My goal for the past couple years, ever since The Christmas Wager was accepted for publication, has been to become a full-time writer.  As I’ve discovered over the past year, there are three parts to this, and they aren’t necessarily connected:

1)  Write a lot.

2)  Sell your stories to a publisher.

3)  Sell your stories to readers.

Over the past year, I’ve knuckled down and begun writing in earnest.  Since the beginning of the year, I estimate I’ve written about 150,000 to 200,000 words.  That’s finished, polished words — good words — that ended up in final drafts.  Those words have been in two complete novels (50,000 and 65,000 words respectively) and a 23,000 word novella, plus finishing up other novels I started before January.  It isn’t the copious output of some writers I know, but it’s pretty good, especially considering the fact that I’ve done it on top of working full-time in the computer industry.  Basically, I was coming home most nights, having dinner with my husband, and then retreating to my office to write.  I say “most nights,” because there were periods when I just couldn’t do this — generally after I’d finished a month or so of work on a novel and just needed a break.  Then I played a lot of computer games, like CSGO, using the best gaming mouse for csgo I found online.  And there were nights when my husband and I spent time together, of course.  Making Erich wonder if he’d be better off married to a dakimakura isn’t part of the plan.

But overall I consider that goal to have been obtained.

As far as selling them goes, I’ve done well on that front as well.  I’ve sold everything I’ve submitted, which includes four full-length novels and that novella I mentioned.  This may not always be the case, of course — markets can dry up, publishers can decide your work simply doesn’t sell, all kinds of things can happen.  But that’s the case with all jobs.  There are no guarantees.  So for now, I’ll just say I’m doing well in that area.

The last one is the tricky one, at least for me.  I tend to get pretty good reviews.  Sure, there are bad ones mixed in here and there, but for the most part, I think I fare pretty well.  But good reviews doesn’t necessarily translate into good sales.  I had a couple really good quarters at the end of last year and the beginning of this year, in which We’re Both Straight, Right? was still selling very well.  That gave me a lot of optimism to start off the new year, but then my royalties started dwindling.  Not to nothing.  I’m still making more per quarter than I made for my very first quarter, when The Christmas Wager and The Meaning of Vengeance came out.

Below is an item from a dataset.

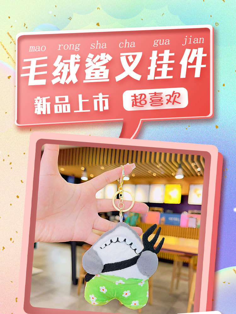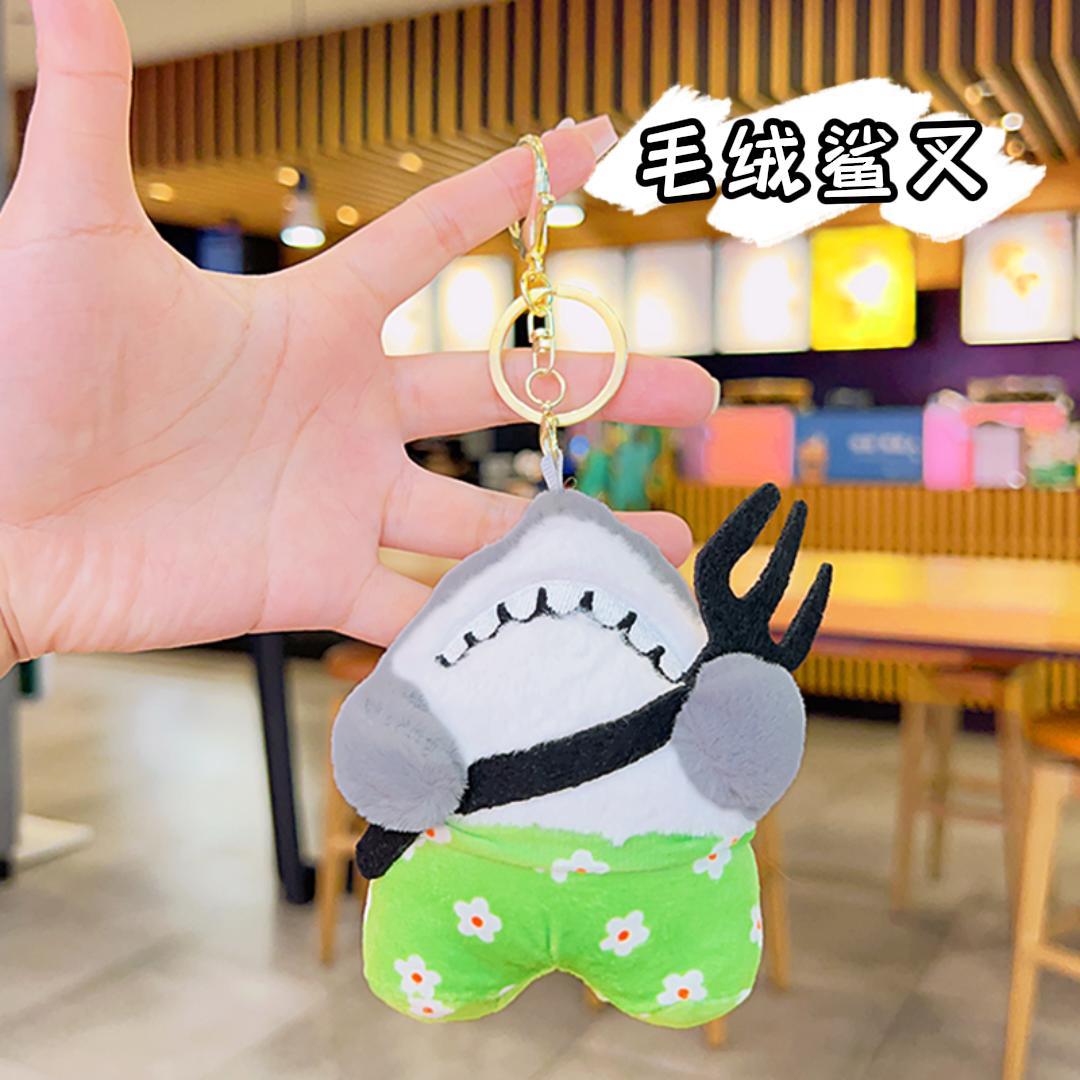 만화 상어 인형 봉제 열쇠 고리 매달려 장식품 도매 귀여운 파악 기계 인형 작은 보석 책가방 펜던트 선물스토어 가기

So on the plus side, I can honestly say that my earnings from writing have increased five-fold per year, since I began.  That sounds pretty impressive.  But in fact most of the money that came in this year — I’d say about four fifths of it — came from advances on my novels.  And the problem with that is, I probably won’t be able to increase my writing output substantially over the coming year, which means I can’t count on selling more than I have for this year.  Maybe.  But not all that likely.

So that leaves me with income from royalties.  And that’s a total unknown.  What sells and what doesn’t sell is something that not even publishers can predict.  My next release might be a huge best-seller.  Or it might languish in obscurity.  I had high hopes for By That Sin Fell the Angels.  It’s gritty, emotional, controversial, timely… That should be a formula for success, right?  Well, not so much.  Again, good reviews, but it doesn’t appear to be selling.  I could be wrong — I haven’t actually seen the sales figures yet.  But judging by the attention it got on sites like Goodreads, I’d say probably not.

This must sound like a huge pity party, but it’s not.  (Well, not much.)  I’m being confronted by a harsh reality here:

Even if my books sell to publishers, that doesn’t mean they’ll sell to readers.   

And if they don’t sell to readers, how long will they continue to sell to publishers?  Perhaps not long.  Publishers need to make back their investment.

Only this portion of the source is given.